The outside of the maze is a continuous wall. The maze is designed so that it cannot be solved by a "follow the left-hand wall" algorithm. A typical maze is shown in figure 1.

figure 1

The object of the exercise is to build a robot "mouse" that can getfrom the start to the centre in the shortest possible time. "Run time" is the time taken to get from the start to the centre. "Search time" spent exploring the maze is penalised by 1/30th of the total time spent in the maze prior to the start of the run. You can have many runs within a time limit of 15 minutes.

Mice must be self-contained. They need to carry their processors,motors, sensors and batteries with them.

This type of application where "real-time" is measured by racing against other competitors and resource costs in terms of weight, size and power consumption directly affect the capability of the mouse seems to be an ideal application for FORTH. Most mice currently use assembly language for optimum performance but there are now a couple of FORTH mice that successfully run the maze.

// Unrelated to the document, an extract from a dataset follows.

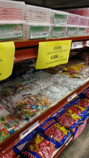 Enorme y con una variedad descomunal. Habrá pocas "chucherías" que se produzcan y no tengan aquí. Ojo, precios en las estanterías indicados sin IVA (10%), como es habitual en un comercio orientado a profesionales, pero en el que puedes comprar sin problema siendo particular. Las trabajadoras que atienden son muy amables y eficientes, resolviendo al instante cualquier consulta. De la mayoría de productos tienes presentaciones grandes (por ejemplo bolsas de 1 kg. de caramelos Werther capuccinos sin azúcar), pero también bolsas pequeñas como las que encuentras en un supermercado o tienda minorista de golosinas. Repetiré cuando necesite esos suministros dulces (sin azúcar y bajos en calorías) que me ayudan a controlar la ingesta calórica en los momentos de antojos...

My mice use 8031 processors expanded to 32K EPROM and 32K RAM. This is overkill in memory space but, once you expand memory you might as well use the biggest capacity devices that come to hand. I use MPE's version 5 Powerforth compiled on a PC.

Strategy One

My first solver was intended to be the simplest and quickest algorithm that I could devise that was guaranteed to solve the maze. It is quick in terms of computation time rather than optimising the search time or finding the shortest route.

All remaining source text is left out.